◆ Required action ◆
Copy each line of the data below exactly, leaving out pictures.

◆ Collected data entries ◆
========================
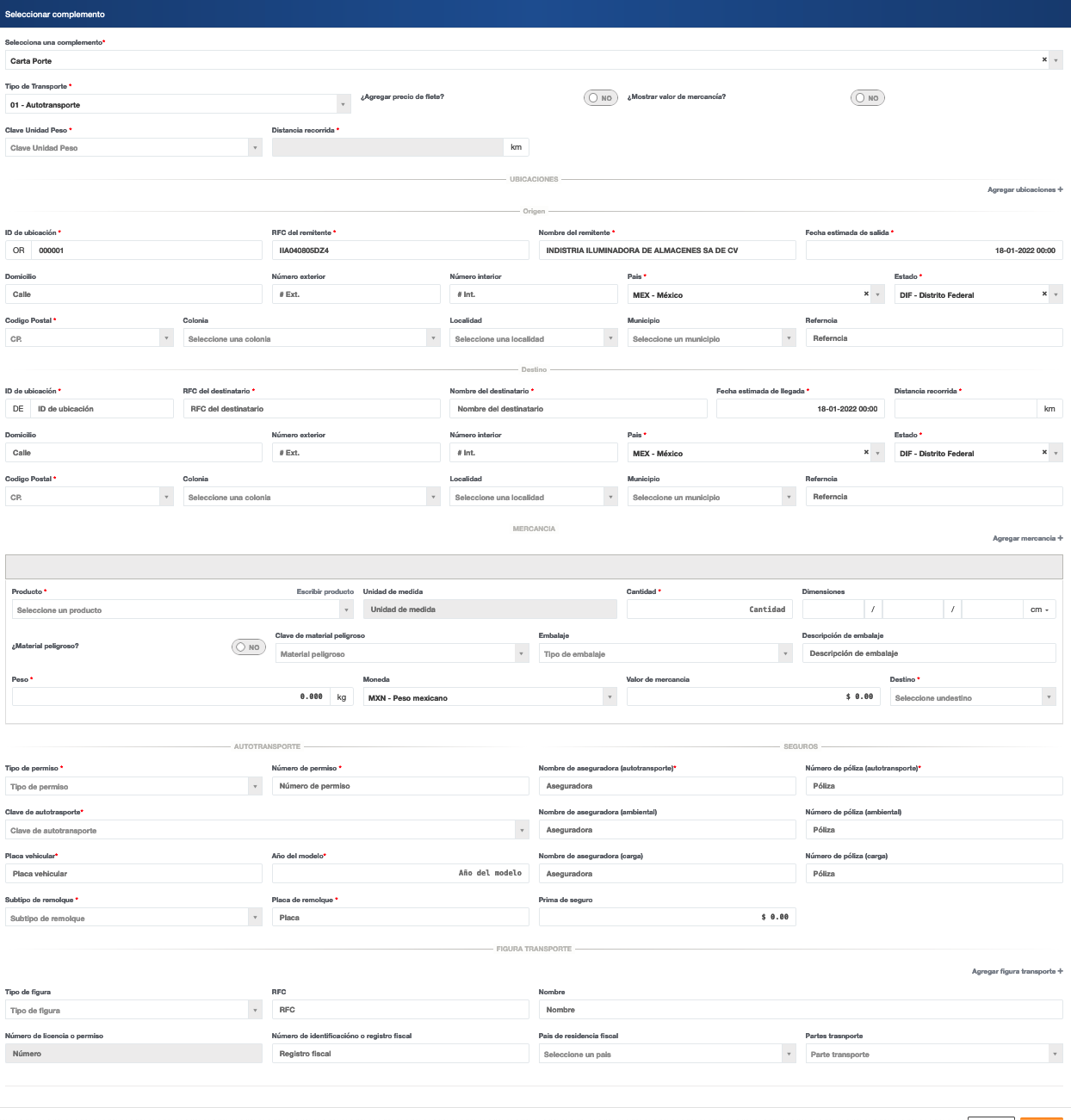 Al elegir este complemento se mostrarán los campos en los cuales se deben de capturar los datos del emisor receptor y la mercancía que se va a trasladar.
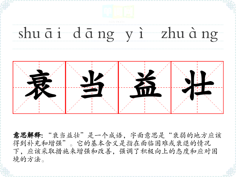 “衰当益壮”是一个成语,字面意思是“衰弱的地方应该得到补充和增强”。它的基本含义是指在面临困难或衰退的情况下,应该采取措施来增强和改善,强调了积极向上的态度和应对困境的方法。
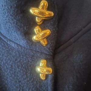 Vintage Amanda Smith Navy Blue Fleecy Cape Poncho. 3 large gold, X shaped buttons secure at the top. Mock neck. Batwing sleeves. One size fits most. 100% polyester.
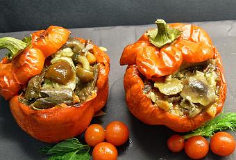 Cuando el arroz este cocido y quede más bien seco pero cremoso, agregar el sofrito de verduras las setas y volver a saltear todo con 1 cucharadita de mantequilla para hacerlo más cremoso. Rellenar con cuidado los pimientos. Servir seguidamente.
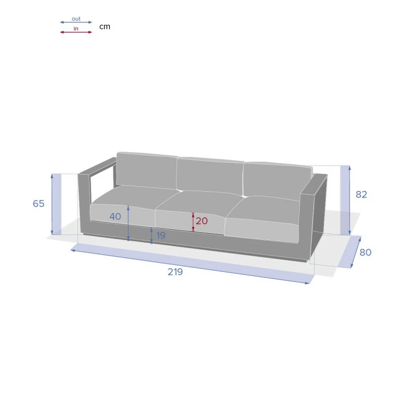 La structure est en aluminium traité époxy antirouille. Les coussins polyester 275 g/m² sont déhoussables pour un entretien facile et traités déperlants permettant à l’eau de glisser sans pénétrer dans la matière.
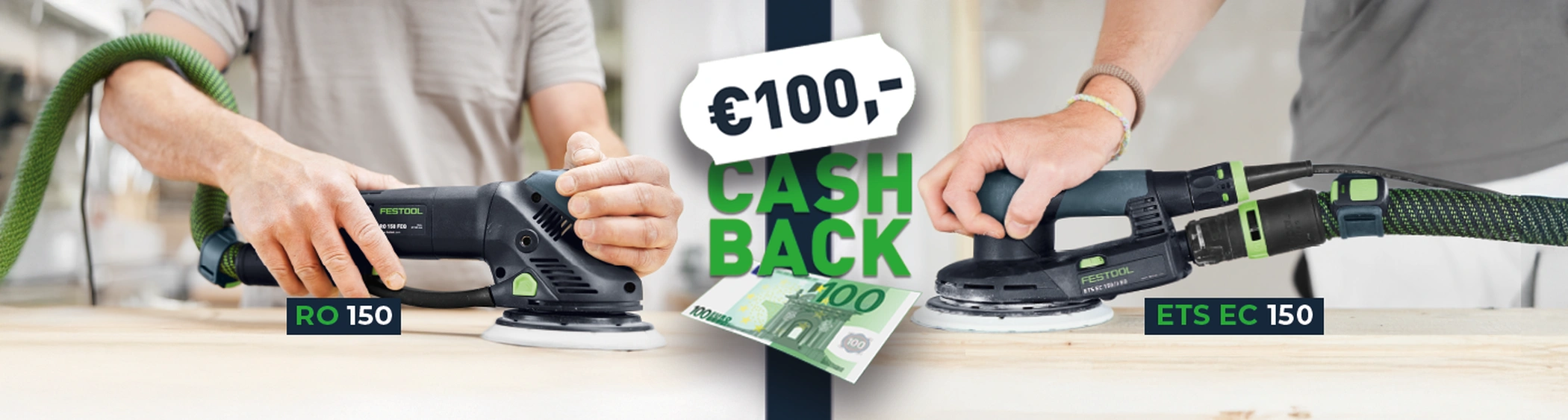 Van 7 april - 30 juni 2026 heeft Festool op machines €100,- cashback
========================
◆ Answer to this exercise ◆
 Al elegir este complemento se mostrarán los campos en los cuales se deben de capturar los datos del emisor receptor y la mercancía que se va a trasladar.
 “衰当益壮”是一个成语,字面意思是“衰弱的地方应该得到补充和增强”。它的基本含义是指在面临困难或衰退的情况下,应该采取措施来增强和改善,强调了积极向上的态度和应对困境的方法。
 Vintage Amanda Smith Navy Blue Fleecy Cape Poncho. 3 large gold, X shaped buttons secure at the top. Mock neck. Batwing sleeves. One size fits most. 100% polyester.
 Cuando el arroz este cocido y quede más bien seco pero cremoso, agregar el sofrito de verduras las setas y volver a saltear todo con 1 cucharadita de mantequilla para hacerlo más cremoso. Rellenar con cuidado los pimientos. Servir seguidamente.
 La structure est en aluminium traité époxy antirouille. Les coussins polyester 275 g/m² sont déhoussables pour un entretien facile et traités déperlants permettant à l’eau de glisser sans pénétrer dans la matière.
 Van 7 april - 30 juni 2026 heeft Festool op machines €100,- cashback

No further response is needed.